Although RBS (and its operating units NatWest and Ulster Bank) has revealed little information about what caused the problems, new details have emerged in London newspaper The Guardian. Reports indicate that the failure occurred when RBS computer operators tried to upgrade the bank's workload automation system, which is based on a product called CA-7 from CA Technologies.
The upgrade initially seemed to work as expected, but within hours other "guardian systems" discovered anomalies in batch jobs following the upgrade. Although technicians performed the failed upgrade last Tuesday night, they were not able to complete a successful batch run until Friday.

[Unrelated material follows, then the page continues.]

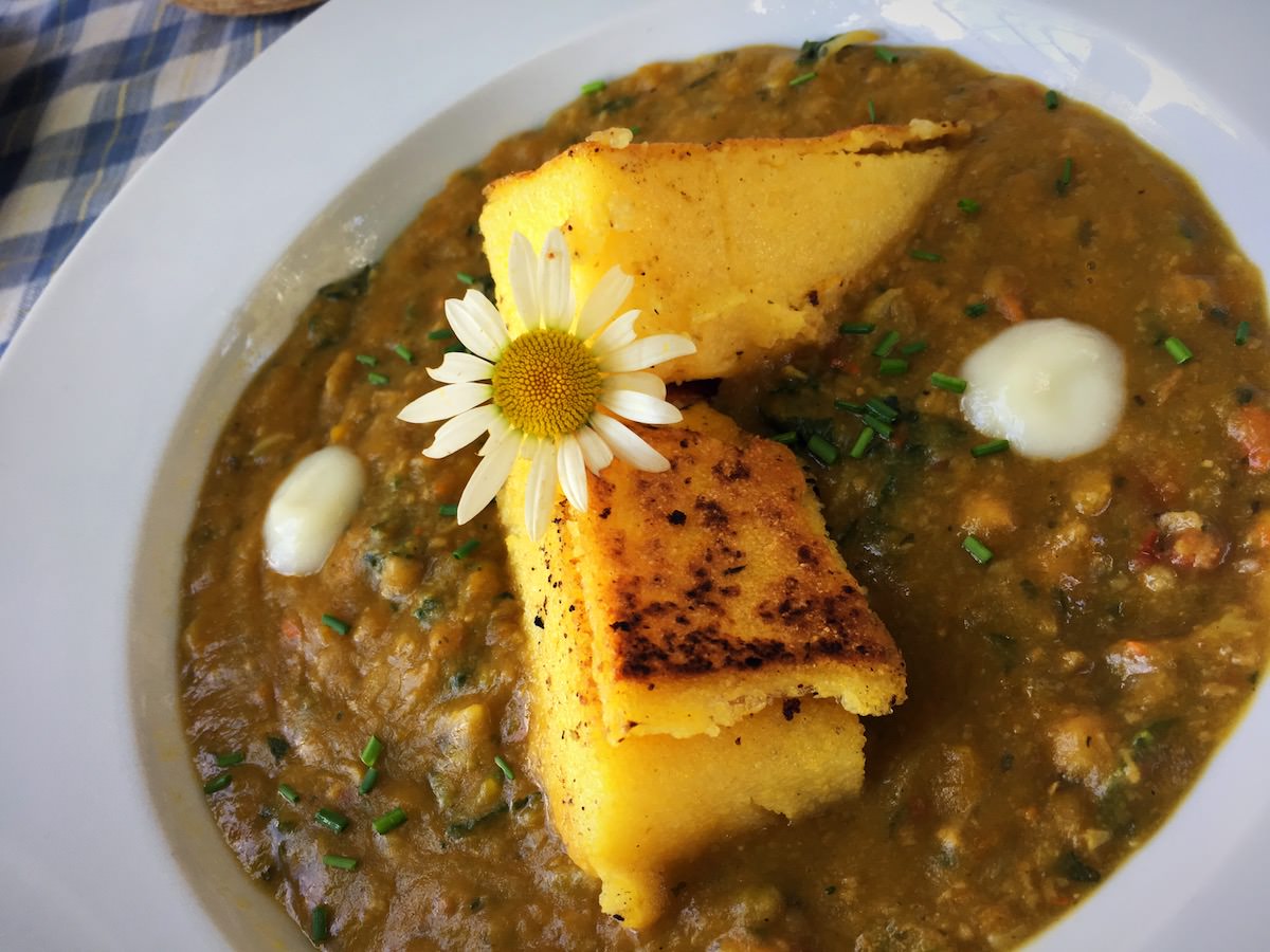 Juha je bila špinačna, z različnimi dodatki in zelo okusna. Presenečen sem bil, ker sicer nisem ljubitelj špinače, ker je imela okus po “prežganki” – kasneje sem ugotovil, da zaradi “čebulne paste”. Solata je bila listnata s čičeriko. Glavna jed pa polenta, ki prav tako ni na mojem spisku najbolj priljubljene hrane in omaka iz čičerike, bučk in ostale zelenjave z dodatkom zelene in ostalih začimb. Za sledico pa je bil veganski jabolčni zavitek s kremo iz malin in karamelo.

By the time operators finished a successful run, millions upon millions of customer transactions were waiting to be processed. Customers will continue to experience problems until the bank works through this massive backlog of transactions.
WHAT'S GOING ON?
We don't know and that's the problem. RBS has released sketchy details of what caused the problem and why it took so long to resolve. To understand the full scope of the event and aftermath, RBS must answer questions like these:
- How detailed are the procedures governing patches and upgrades to production systems?
- Did the operator follow these procedures or deviate at all?
- To what extent was this upgrade tested in a production-style environment?
- Who installed the upgrade?
- How much CA-7 experience did the upgrade installer possess?
- How much RBS-specific experience did the installer possess?
Software Recovery Questions
- How did the bank first learn of the problem?
- What procedures did the operators use to solve the problem initially?
- Who performed these problem resolution procedures?
- What was their level of experience with the software, RBS processes, and with the broader RBS technology architecture and environment?
- Why did the rollback procedure take so long?
- How did the team finally isolate and solve the problem?
Business Policy Questions
- Did layoffs and outsourcing contribute to reducing the bank's knowledge and experience with its own systems?
- Why did recovery take several days?
- What are the bank's business continuity plans and how often are they tested?
- Why did this event happen in the first place -- there is always a cause -- what happened?
THE BOTTOM LINE - DON'T BLAME THE CIO
In a case like this, it's tempting to blame the CIO, after all, he or she is responsible for systems. However, it is not the CIO's fault if bank policies dictate layoffs and offshoring that result in lost skills. These are management issues with consequences across the organization, including in IT.
Government regulators must question the judgment and wisdom of decisions made by the bank Board and CEO, to uncover policies that created an environment in which critical IT tasks could roll out without complete testing, verification, and clear paths to recovery.
Update 6/27/12: According the The Register (a sensationalist tech news site), an inexperienced computer operator in India caused the RBS failure. Apparently, a routine problem arose during the upgrade procedure, which is usually not a serious issue because administrators can roll back to a previous and stable version of the software. In this case, however, it seems the operator erroneously cleared the entire transaction job queue, kicking off a long and difficult process of reconstruction. The article adds: "A complicated legacy mainframe system at RBS and a team inexperienced in its quirks made the problem harder to fix".